What the exercise asks
All lines below between the line with "Our family crew" and the line with "b) Det du har", including both, must be copied exactly, and the pictures must be omitted.
Working data Block Start
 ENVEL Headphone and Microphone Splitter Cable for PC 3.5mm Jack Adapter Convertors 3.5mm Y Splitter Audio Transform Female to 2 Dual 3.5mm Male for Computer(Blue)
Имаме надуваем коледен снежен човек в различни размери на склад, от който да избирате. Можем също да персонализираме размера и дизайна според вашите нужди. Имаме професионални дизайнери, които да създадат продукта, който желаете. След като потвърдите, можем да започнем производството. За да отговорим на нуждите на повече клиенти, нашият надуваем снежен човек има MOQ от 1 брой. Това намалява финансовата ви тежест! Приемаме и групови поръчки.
Working data Block End
Working data Block Start
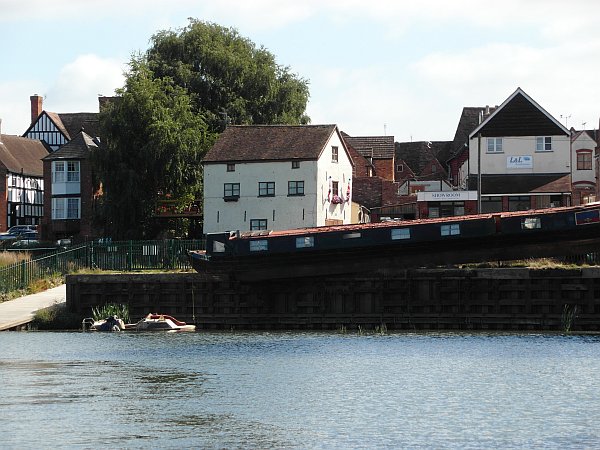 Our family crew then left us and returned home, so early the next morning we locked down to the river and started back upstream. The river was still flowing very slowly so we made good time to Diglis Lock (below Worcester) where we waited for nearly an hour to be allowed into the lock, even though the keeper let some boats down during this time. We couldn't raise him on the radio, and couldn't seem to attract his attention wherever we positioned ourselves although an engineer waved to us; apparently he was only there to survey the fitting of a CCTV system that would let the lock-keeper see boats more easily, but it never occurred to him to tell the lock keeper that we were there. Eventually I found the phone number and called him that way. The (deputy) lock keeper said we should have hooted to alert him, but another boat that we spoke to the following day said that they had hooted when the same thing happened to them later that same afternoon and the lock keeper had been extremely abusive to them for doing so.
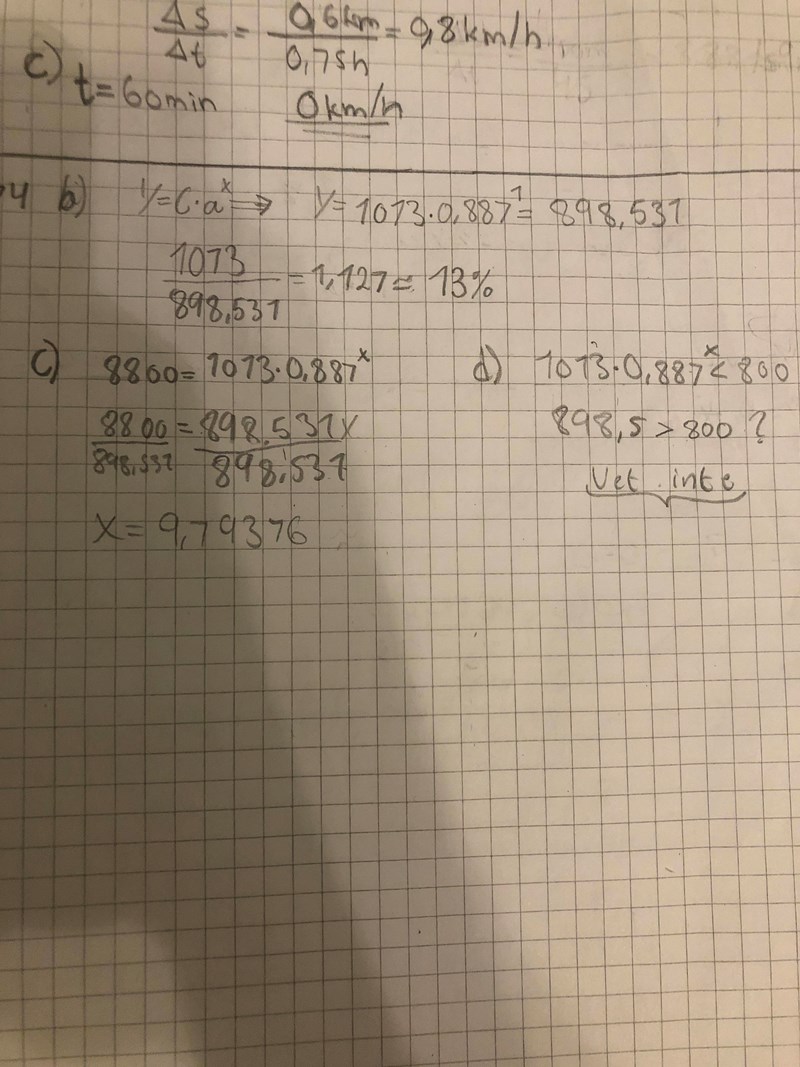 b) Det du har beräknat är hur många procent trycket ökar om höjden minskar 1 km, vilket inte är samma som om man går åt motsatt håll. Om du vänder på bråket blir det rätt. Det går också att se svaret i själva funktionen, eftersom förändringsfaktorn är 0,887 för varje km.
Working data Block End
Result
 Our family crew then left us and returned home, so early the next morning we locked down to the river and started back upstream. The river was still flowing very slowly so we made good time to Diglis Lock (below Worcester) where we waited for nearly an hour to be allowed into the lock, even though the keeper let some boats down during this time. We couldn't raise him on the radio, and couldn't seem to attract his attention wherever we positioned ourselves although an engineer waved to us; apparently he was only there to survey the fitting of a CCTV system that would let the lock-keeper see boats more easily, but it never occurred to him to tell the lock keeper that we were there. Eventually I found the phone number and called him that way. The (deputy) lock keeper said we should have hooted to alert him, but another boat that we spoke to the following day said that they had hooted when the same thing happened to them later that same afternoon and the lock keeper had been extremely abusive to them for doing so.
 b) Det du har beräknat är hur många procent trycket ökar om höjden minskar 1 km, vilket inte är samma som om man går åt motsatt håll. Om du vänder på bråket blir det rätt. Det går också att se svaret i själva funktionen, eftersom förändringsfaktorn är 0,887 för varje km.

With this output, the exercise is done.